Abstract
Background
Sensitive restoration is the primary aim of oral reconstructive surgery. Discriminative sensibility is an important index of innervation density of a tissue. Instruments normally used to assess this type of skin sensibility are bulky and difficult to introduce in the oral cavity, even in healthy patients with a normal mouth opening. This study was intended to evaluate the recovery of static and dynamic two-point discrimination sensitivity of the reconstructed areas of the oral cavity.
Methods
Surgical staples, calibrated in predetermined width (from 1 to 30 mm) and introduced in the oral cavity with a Mayo needle holder, were used to evaluate two-point discrimination recovery in 57 patients who underwent reconstructive surgery with buccinator myomucosal flaps.
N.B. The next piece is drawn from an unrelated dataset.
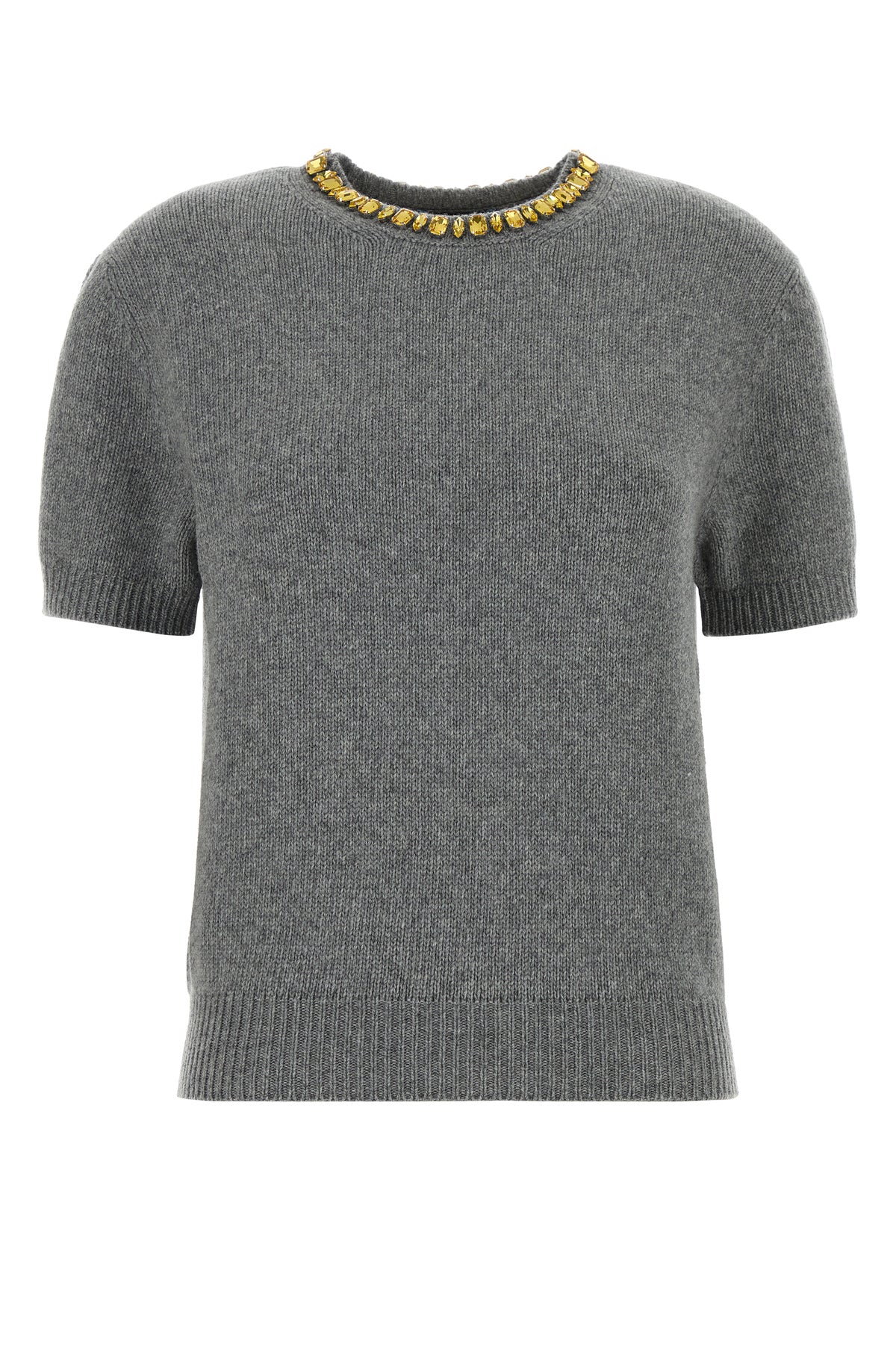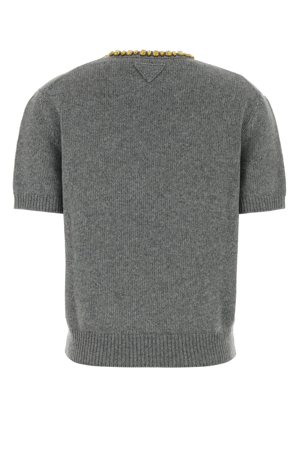 Short-sleeve sweater realized in virgin wool and cashmere enriched by jewel embellishment at the neck and tonal fabric iconic triangle at the back.
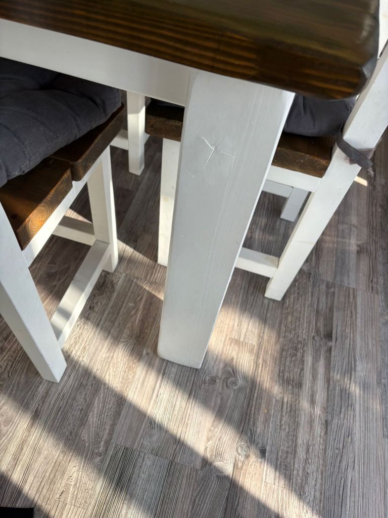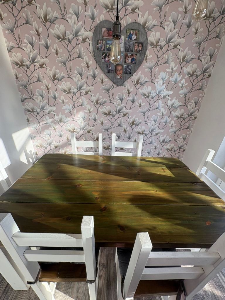 6 seater dining table. handmade. good condition with some marks. ideally would benefit from revarnish.

Tests were conducted both on the reconstructive flap and on the non-operated contralateral side. The latter also included the non-operated cheek.
Results
All of the considered flaps showed a recovery of tactile sensitivity. The overall average discriminative threshold value assessed on this sample was 9.11 ± 2.46 mm for the static and 6.56 ± 2.46 mm for the dynamic.
Conclusions
The use of surgical staples allows easy assessment of tactile sensitivity in all oral cavity areas, even in operated patients who often present lockjaw or microstomia. In our series, buccinator myomucosal flaps demonstrate a much greater recovery of the sensation compared to results found in the literature on fasciocutaneous free flaps, even those reinnervated.